Extinct genus of plants

Taeniopteris is an extinct form genus of Mesozoic vascular plant leaves, perhaps representing those of cycads, bennettitaleans, or marattialean ferns. The form genus is almost certainly a polyphyletic category for unfertile leaves of a certain shape ("taeniopterids") which cannot be assigned to specific groups due to a lack of information on cuticle or spore structures. The leaves are simple, with a strong central vein (rhachis) and an unbroken margin. The central vein leads to nearly perpendicular lateral veins, which may be slightly divided or undivided. The shape of the leaf is variable, but often elongated and smooth-edged. "Taeniopterid" leaves with bennettitalean-type cuticle are placed in the form genus Nilssoniopteris, while those with cycad-type cuticle are placed within Nilssonia and related genera. Some fertile "taeniopterids" preserve spore packages, and can be assigned to marattialean ferns.
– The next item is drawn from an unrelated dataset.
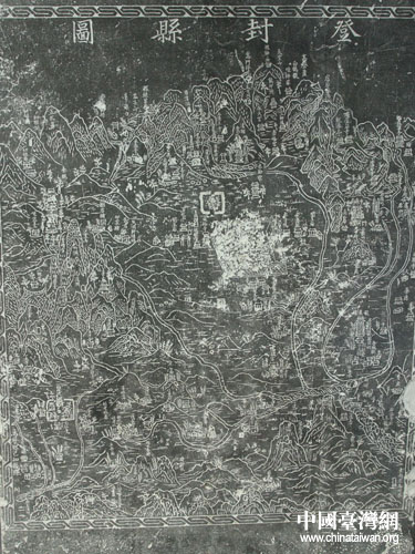 嵩陽書院明代石刻“登封縣地圖”,刻于萬歷癸巳年(公元1593年),圖上詳細刻制著嵩山地區名勝古跡的分布情況和山川、河流、道路、村鎮等名稱,是登封文物分布圖,又是登封縣地圖。登封縣文物名勝盡管志書都有記載,但用地圖形式直接描述的,僅此一塊登縣石刻地圖。(中國臺灣網 徐維彬 攝)

Taeniopteris was named by Brongniart (1828) from an illustration of a Middle Jurassic leaf from Oxfordshire, as published by Sternberg (1823). This Oxfordshire specimen defined the type species, Taeniopteris vittata. The largest and broadest "taeniopterid" leaves are named as the form genus Macrotaeniopteris, which also represents cycad or bennettitalean leaves without preserved cuticle.